__Exercise details__:
Repeat nothing but the lines below running from the one containing "Chase your bliss" to the one containing "FLOWER PATCH MINERAL". Keep both end lines.

__The data__:
___

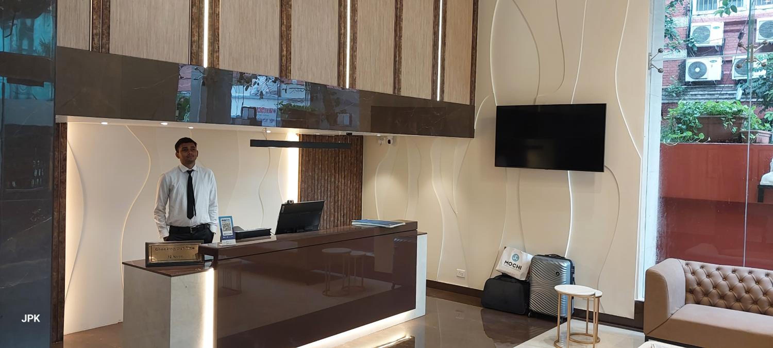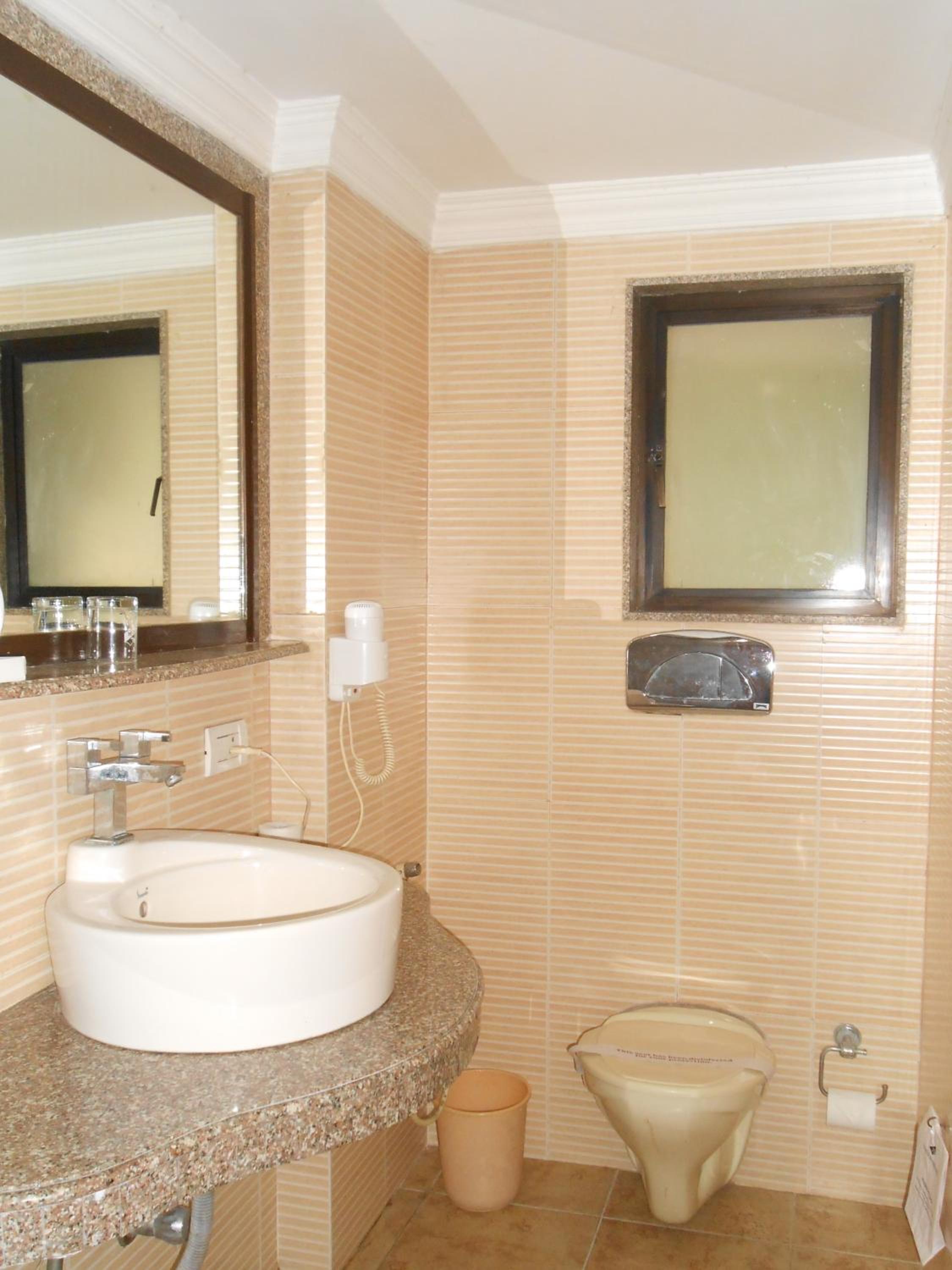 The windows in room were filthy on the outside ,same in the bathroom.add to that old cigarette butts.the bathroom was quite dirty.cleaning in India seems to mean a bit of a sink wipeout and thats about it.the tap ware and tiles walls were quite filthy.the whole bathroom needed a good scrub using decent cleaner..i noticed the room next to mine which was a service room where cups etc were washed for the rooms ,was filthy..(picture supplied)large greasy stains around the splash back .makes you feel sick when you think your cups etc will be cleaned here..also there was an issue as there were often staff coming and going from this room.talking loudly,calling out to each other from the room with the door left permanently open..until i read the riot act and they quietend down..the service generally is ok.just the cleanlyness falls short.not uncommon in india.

___

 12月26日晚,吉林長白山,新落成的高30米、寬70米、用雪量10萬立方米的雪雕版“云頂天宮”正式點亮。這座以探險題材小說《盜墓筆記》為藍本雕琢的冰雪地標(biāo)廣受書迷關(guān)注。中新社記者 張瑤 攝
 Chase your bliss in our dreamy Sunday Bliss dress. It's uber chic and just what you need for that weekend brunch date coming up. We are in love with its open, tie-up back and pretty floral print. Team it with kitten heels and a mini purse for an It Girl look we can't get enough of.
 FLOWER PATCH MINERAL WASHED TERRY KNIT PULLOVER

___

__Answer to this problem__:
 Chase your bliss in our dreamy Sunday Bliss dress. It's uber chic and just what you need for that weekend brunch date coming up. We are in love with its open, tie-up back and pretty floral print. Team it with kitten heels and a mini purse for an It Girl look we can't get enough of.
 FLOWER PATCH MINERAL WASHED TERRY KNIT PULLOVER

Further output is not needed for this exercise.